__TASK INSTRUCTIONS__. Without the pictures, restate all of the data below word for word.

__DATA EXCERPT__.
──────────────────────────────
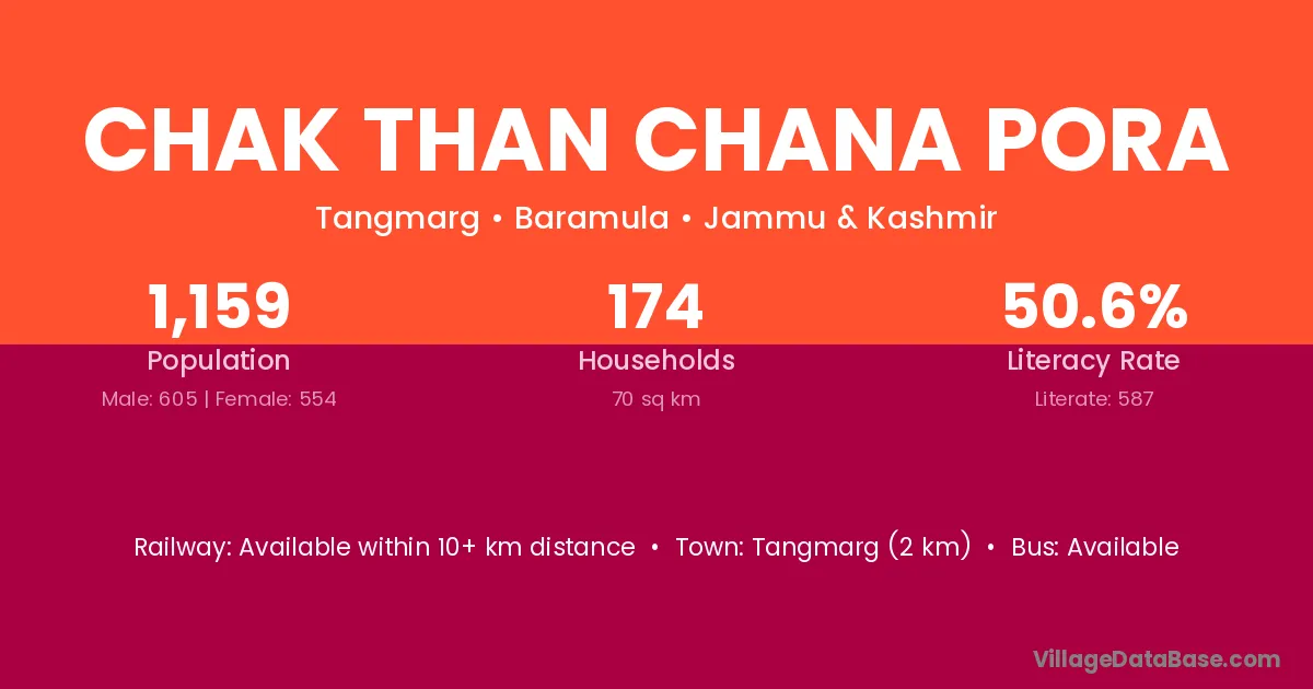 Tangmarg (2 km) is the nearest town to Chak Than Chana Pora village for major economic activities and is located approximately 2 km away.
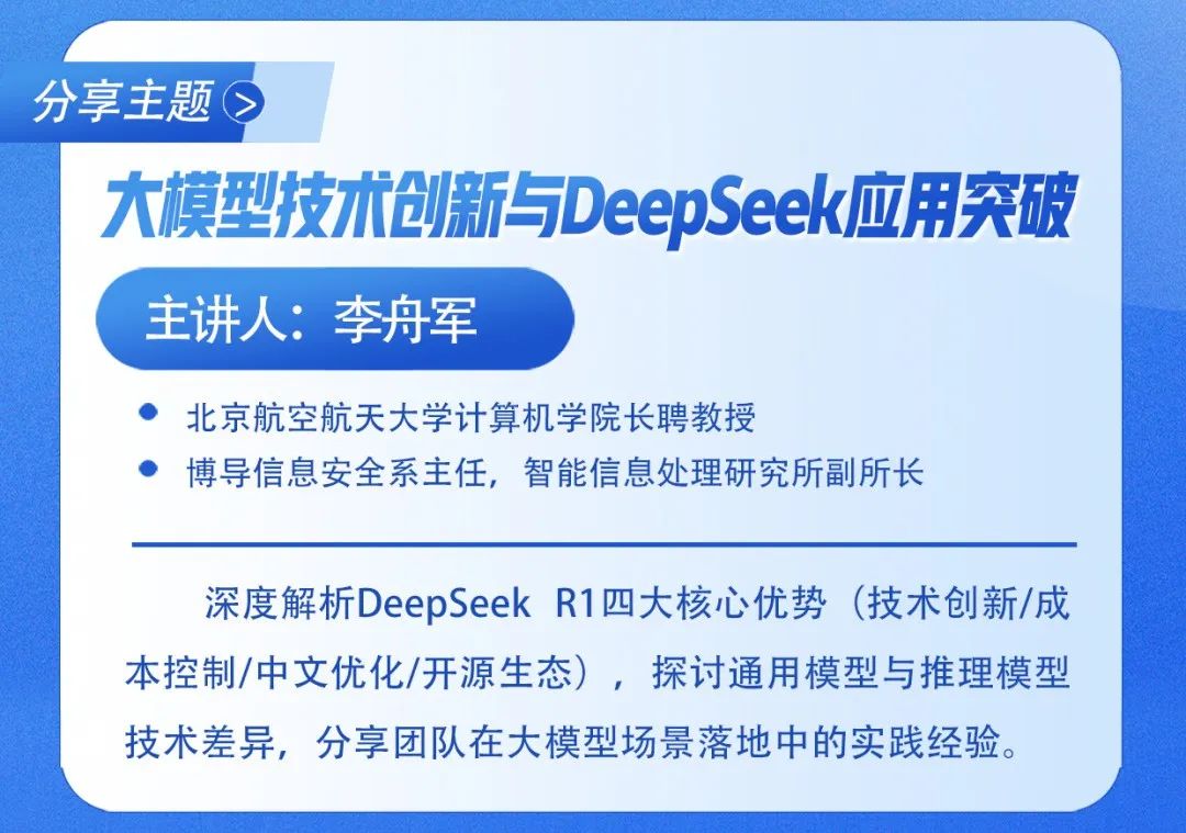 李舟军教授云分享:DeepSeek R1“有限算力+算法创新+工程优化”破局产业变革
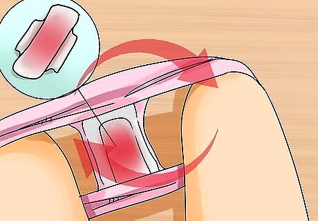 Place the new pad on your underwear. Pull off the backing of your new pad to expose the adhesive. Align the new pad with your underwear and then stick it on firmly. Press down on the length of the pad so that it’s securely in place. Fold over any wings and make sure they’re securely stuck to your underwear. Pull up your underwear and see if the pad is comfortable. If not, rearrange it until you feel good.
──────────────────────────────
__OUTPUT BELOW__.
 Tangmarg (2 km) is the nearest town to Chak Than Chana Pora village for major economic activities and is located approximately 2 km away.
 李舟军教授云分享:DeepSeek R1“有限算力+算法创新+工程优化”破局产业变革
 Place the new pad on your underwear. Pull off the backing of your new pad to expose the adhesive. Align the new pad with your underwear and then stick it on firmly. Press down on the length of the pad so that it’s securely in place. Fold over any wings and make sure they’re securely stuck to your underwear. Pull up your underwear and see if the pad is comfortable. If not, rearrange it until you feel good.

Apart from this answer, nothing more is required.